Hepatitis E: oorzaken

Pathogenese (ziekteontwikkeling)

Hepatitis E-virus (HEV) behoort tot de groep van RNA virussen​ Vroeger werd het beschouwd als onderdeel van de familie Caliciviridae, maar wordt nu beschouwd als behorend tot de monotypische familie Hepeviridae. HEV-genotypen 1-4 kunnen worden onderscheiden. HEV 1 en HEV 2 zijn meestal verantwoordelijk voor rijstinfectie. HEV 3 en HEV 4 komen voor bij mensen en dieren (vooral varkens).

Hepatitis E komt voornamelijk voor als een acute ziekte.

Hepatitis E komt wereldwijd voor. Grote epidemieën hebben zich voornamelijk voorgedaan in Afrika, Azië, het Midden-Oosten en Mexico. Onlangs geïsoleerde gevallen van hepatitis E. verworven in Duitsland zijn ook gemeld, voornamelijk met een chronisch beloop.
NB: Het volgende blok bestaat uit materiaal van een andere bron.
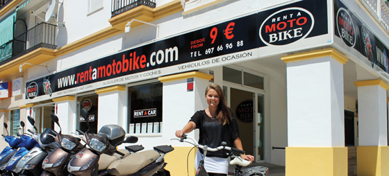 Hos Rent a MotoBike kan man dog også leje biler, motorcykler og scootere.Det danskejede firma i Torre del Mar har specialiseret sig i god, nærværende service og lave priser. ”De fleste skandinaver, der kommer til kysten, lejer bil i lufthavnen, men ofte tager halvanden time fra det øjeblik, man lander til man sidder i sin bil. Her er vi et godt alternativ for folk, der skal øst for Málaga. Man tager blot lufthavnsbussen til Torre del Mar og så ligger vi lige ovre på den anden side af busstationen. Derfra har man sin bil på fem minutter”, lover Frank Jensen, som ejer Rent a Motobike. Han tilbyder faste, lave priser, hele året, og skulle man få problemer med sit køretøj, løses sagen hurtigt af. Bilerne udlejes på dags- og ugebasis og hvis man ønsker en bil for en måned, kan det gøres for kun 300 euro, alt inklusiv. Franks datter Josephine har sin faste gang i butikken. Hun melder om et større behov for at leje cykler, motorcykler og scootere. ”Flere ønsker et let, hurtigt og billigt køretøj for at komme rundt i byen, til stranden eller en tur ind i landet. Vi har cykler til 7 euro og scootere til 25 euro pr. dag og det bliver mere og mere populært, både blandt turister og skandinaver, som bor her i vinterhalvåret”.Store motorcykler finder man også hos Rent a Motobike og det skyldes nok Frank Jensens store lidenskab herfor. ”Andalusien er Europas bedste destination for motorcykelture. Hvert år arrangerer jeg ture for motorcykelentusiaster og rejser ofte selv med rundt i landet. Så uanset om man ønsker en større tur rundt i Andalusien eller en lille tur på en bycykel, så klarer vi det”, slutter Frank Jensen.

Overdracht is oraal (waarbij pathogenen die worden uitgescheiden in de ontlasting (fecaal) oraal worden geabsorbeerd) via besmet drinken water met HEV genotypen 1 en 2. Overdracht tussen mensen is nog niet bewezen. Risicogroepen zijn voornamelijk reizigers naar India, Centraal / Zuid-Amerika, Afrika of het Gemenebest van Onafhankelijke Staten (GOS).

Recente studies hebben aangetoond dat het hepatitis E. pathogeen met genotype 3 is ook wijdverspreid bij Duitse wilde zwijnen en herten. Het besmettingspercentage is ongeveer 15 procent. De risicogroepen zijn voornamelijk jagers, bosarbeiders, varkensfokkers of slachthuispersoneel.

Etiologie (oorzaken)

Gedragsoorzaken

  • Vervuild water drinken
  • Besmet voedsel eten - vooral varkensvlees, wild, schaaldieren.
  • Honden en katten komen ook als drager in kwestie

Ziektegerelateerde oorzaken

Geneesmiddel

  • Bloedtransfusies

Andere oorzaken

  • Verticale infectie - overdracht van ziekteverwekkers van een gastheer (hier: de moeder) naar zijn nakomelingen (hier: het kind).
    • Overdracht van infectie tijdens de geboorte van moeder op kind.